BRIEF DESCRIPTION OF THE DRAWINGS
[0032] Embodiments of the present invention will now be described,
by way of example only, with reference to the accompanying
drawings. It is to be understood that the particularity of the
drawings does not supersede the generality of the preceding
description of the invention.
[0033] FIG. 1 is a back perspective view of a prior art solar power
generator having a cooling skid.
[0034] FIG. 2 is a perspective view of the cooling skid of FIG.
1.
[0035] FIG. 3 is a back perspective view of a solar power generator
including a cooling system according to an embodiment of the
invention.
[0036] FIG. 4 is a front view of the receiver shown in FIG. 3.
[0037] FIG. 5 is a perspective side view of the cooling system
according to the embodiment of the invention, shown separately from
other parts of the solar power generator.

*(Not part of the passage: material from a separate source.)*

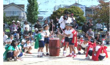
素晴らしい祭りだワッショイ

晴天に恵まれた10月10日(金)午前10時より陵南幼稚園の第32回運動会が賑やかに開催されました。 今年の合い言葉「笑顔いっぱい 元気よく がんばりなで力を合わせて がんばるぞ」を全員で元気よく言い、演技に入りました。 演技の最初は「ももっ ちたいそう」。手や足を伸ばす柔軟体操を行いました。 競技やリズムの演技を一生懸命頑張っている園児に拍手と声援が送られていました。 中でも年長児の「オーエス！ タイヤ引き」の力強さや「祭りだワッショイ」の演技の素晴らしさには会場の皆さんも感心していました。 また、「帽子をねらふや」や「ワッショイ コラッコ」は親子の絆、お友達との助け合い、園児の力強さなどと併せて、先生方の指導のご苦労を観客の皆さんが感じていました。 屋前には演技は終わり、閉会式に移り、馬場PTA会長さんより記念品が全員に贈られました。

[0038] FIG. 6 is a schematic plan view of the cooling system
components.
[0039] FIG. 7 is a perspective view of a heat exchanger of the
cooling system.
[0040] FIG. 8 is a side view of a reservoir of the cooling
system.
[0041] FIG. 9 is a side cross sectional view of a solar power
generator in a lowest position.
[0042] FIG. 10 is a side cross sectional view of a solar power
generator in a highest position.
[0043] FIG. 11 is a side cross sectional view of the reservoir in
three different orientations of the solar concentrator.
[0044] FIG. 12 is a side view portraying the angle of movement of a
solar power generator about a horizontal axis.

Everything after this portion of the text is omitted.